------ Data in this exercise ------
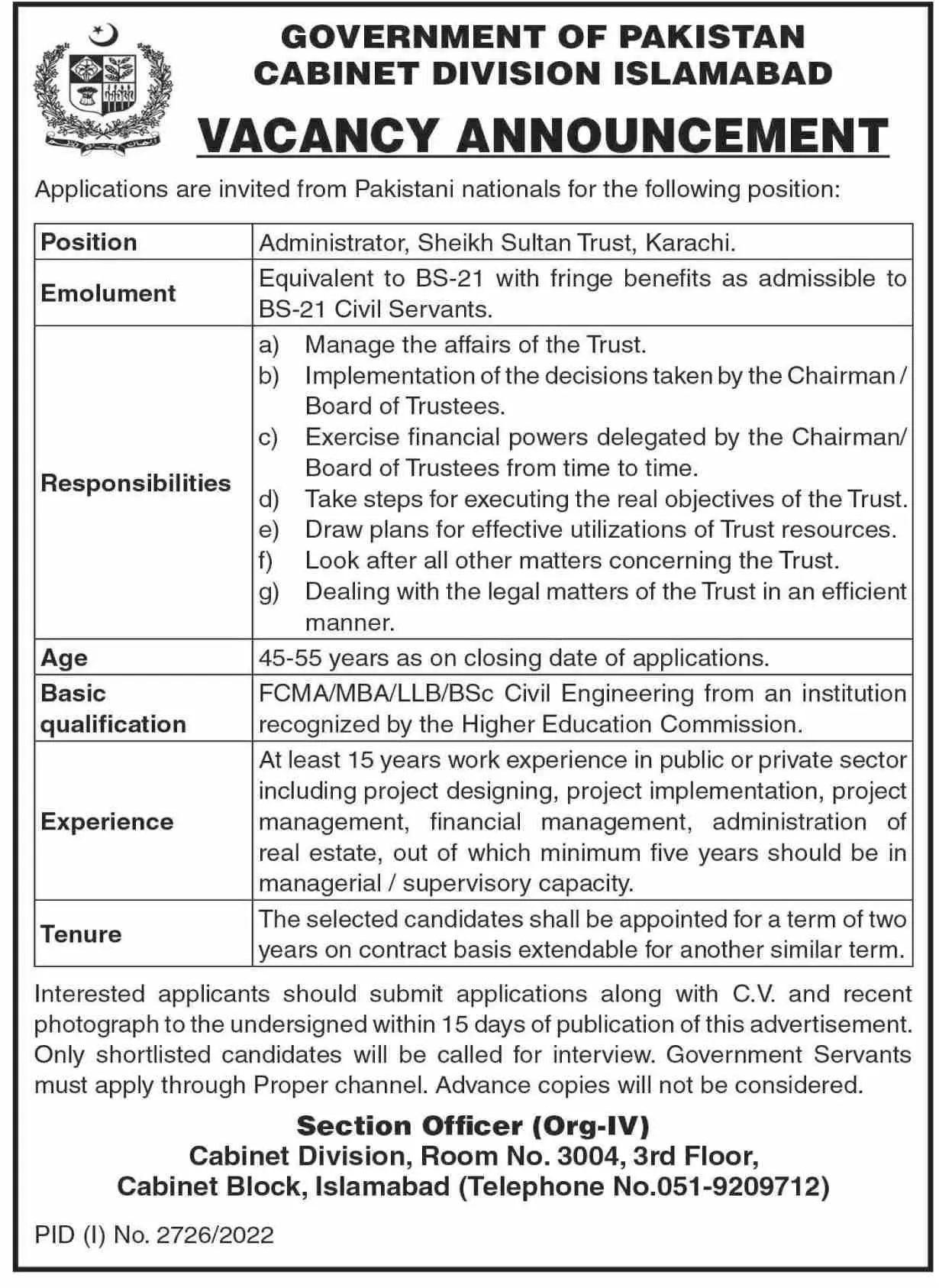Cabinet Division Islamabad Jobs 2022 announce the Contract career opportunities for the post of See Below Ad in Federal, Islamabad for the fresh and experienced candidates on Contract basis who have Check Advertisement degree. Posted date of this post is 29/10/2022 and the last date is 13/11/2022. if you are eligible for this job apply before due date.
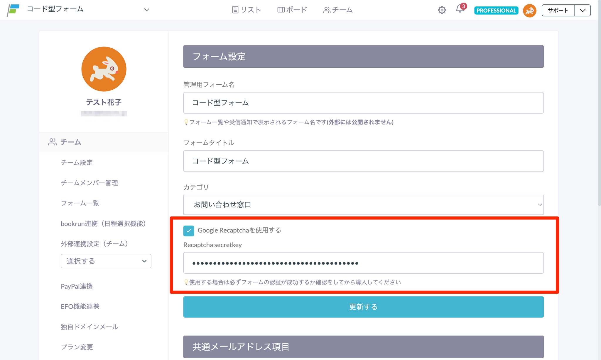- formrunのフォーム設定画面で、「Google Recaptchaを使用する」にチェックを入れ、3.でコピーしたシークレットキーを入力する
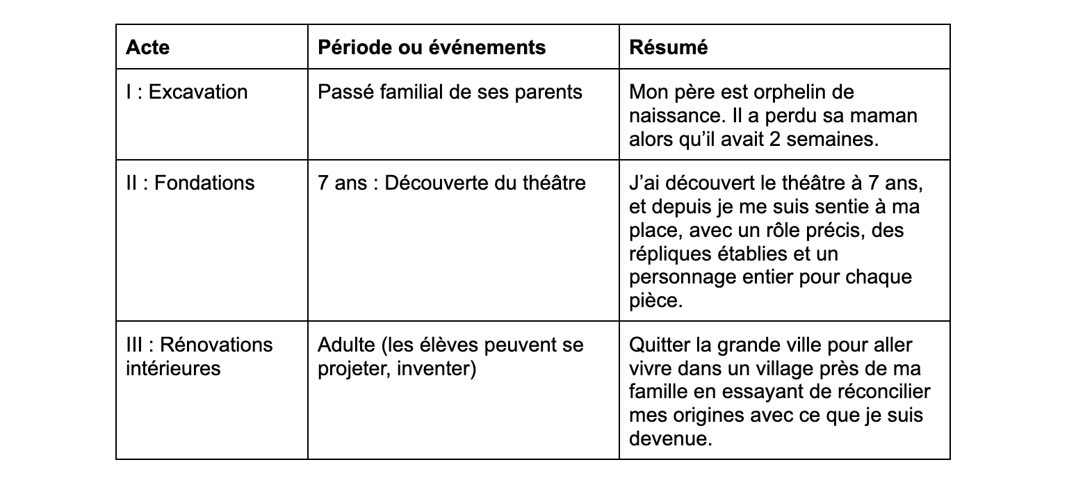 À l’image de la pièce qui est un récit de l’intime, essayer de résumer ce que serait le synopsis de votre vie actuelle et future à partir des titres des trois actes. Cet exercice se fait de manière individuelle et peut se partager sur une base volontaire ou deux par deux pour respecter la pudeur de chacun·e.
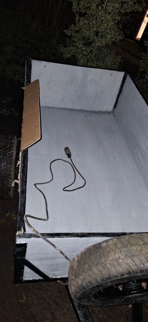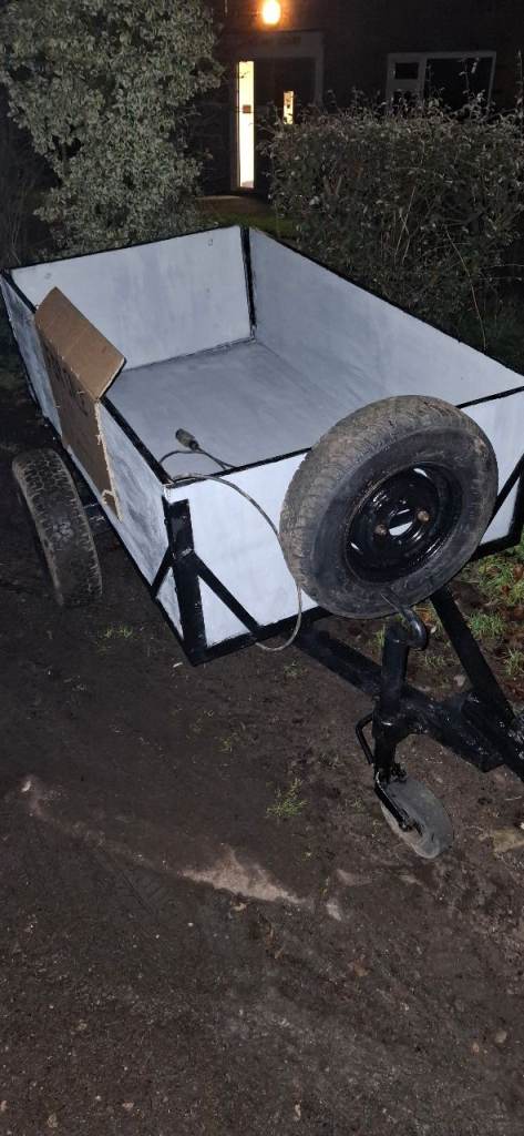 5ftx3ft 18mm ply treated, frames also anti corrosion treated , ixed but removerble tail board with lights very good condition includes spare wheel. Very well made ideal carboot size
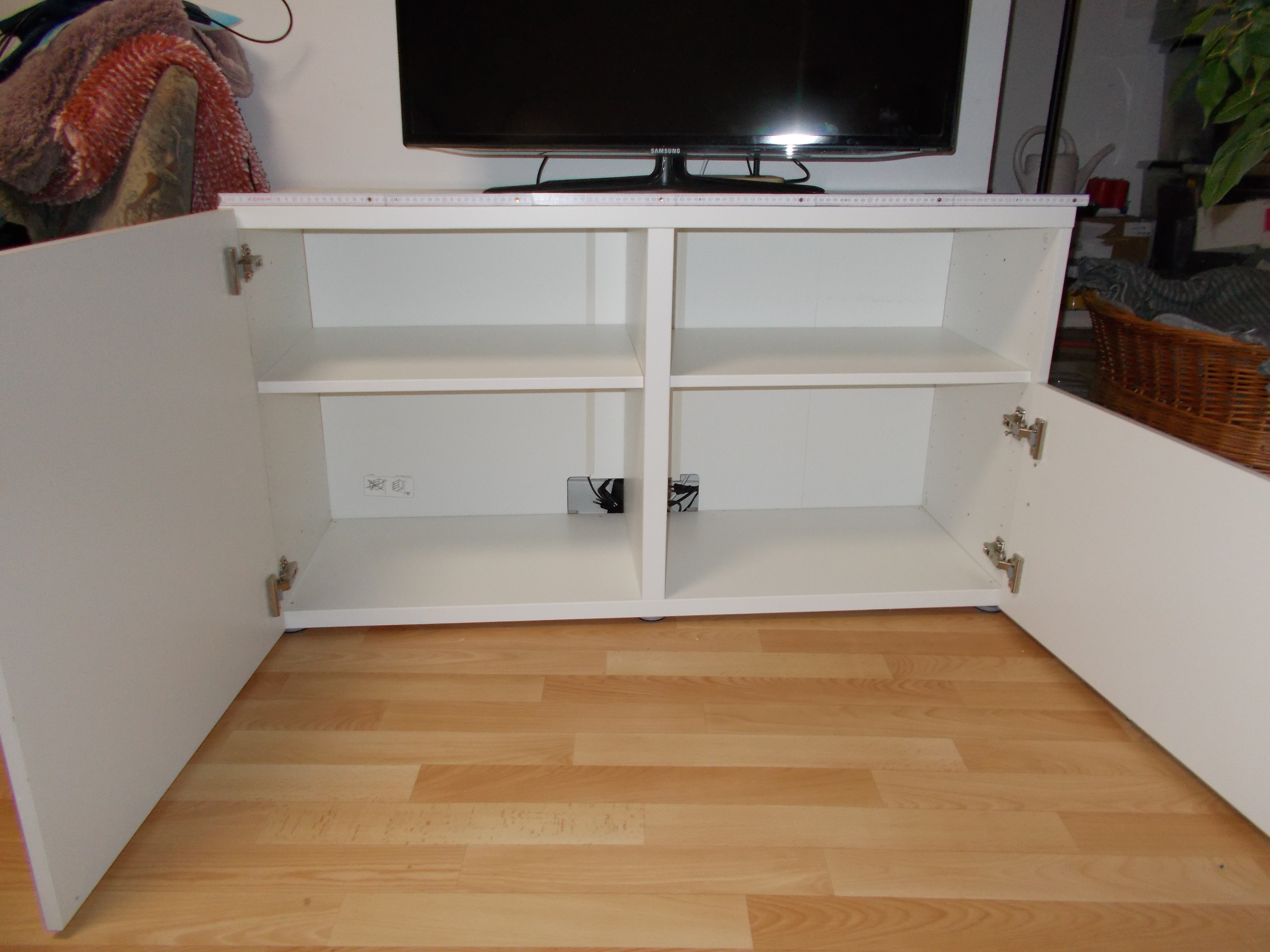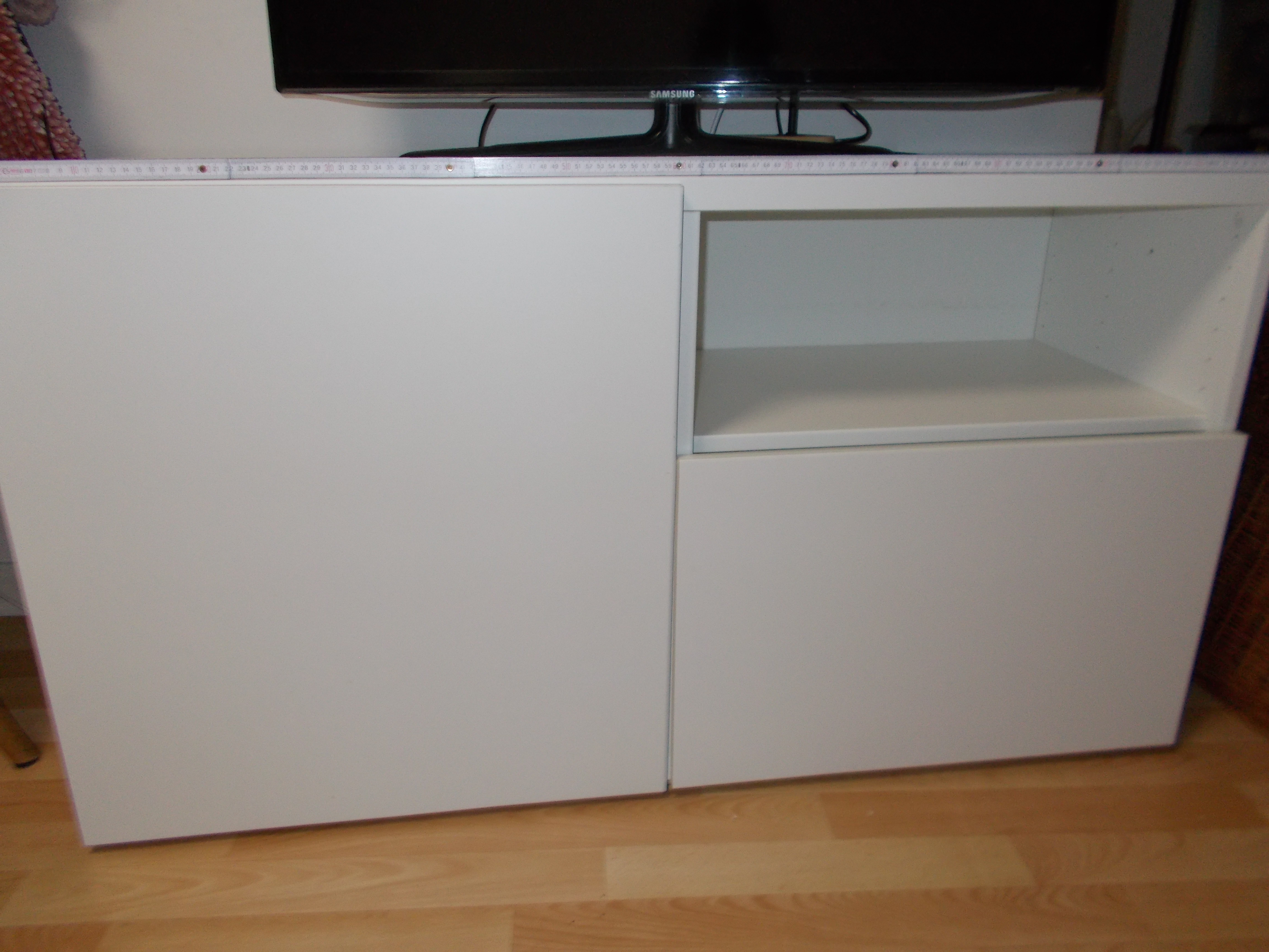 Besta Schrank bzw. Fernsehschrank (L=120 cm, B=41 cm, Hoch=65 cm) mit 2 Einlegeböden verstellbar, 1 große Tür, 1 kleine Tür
------
» Assignment
Beginning with the line that contains "5ftx3ft 18mm ply", output every line down to the last line of the entries above exactly as written, apart from the pictures.

» Exercise solution
 5ftx3ft 18mm ply treated, frames also anti corrosion treated , ixed but removerble tail board with lights very good condition includes spare wheel. Very well made ideal carboot size
 Besta Schrank bzw. Fernsehschrank (L=120 cm, B=41 cm, Hoch=65 cm) mit 2 Einlegeböden verstellbar, 1 große Tür, 1 kleine Tür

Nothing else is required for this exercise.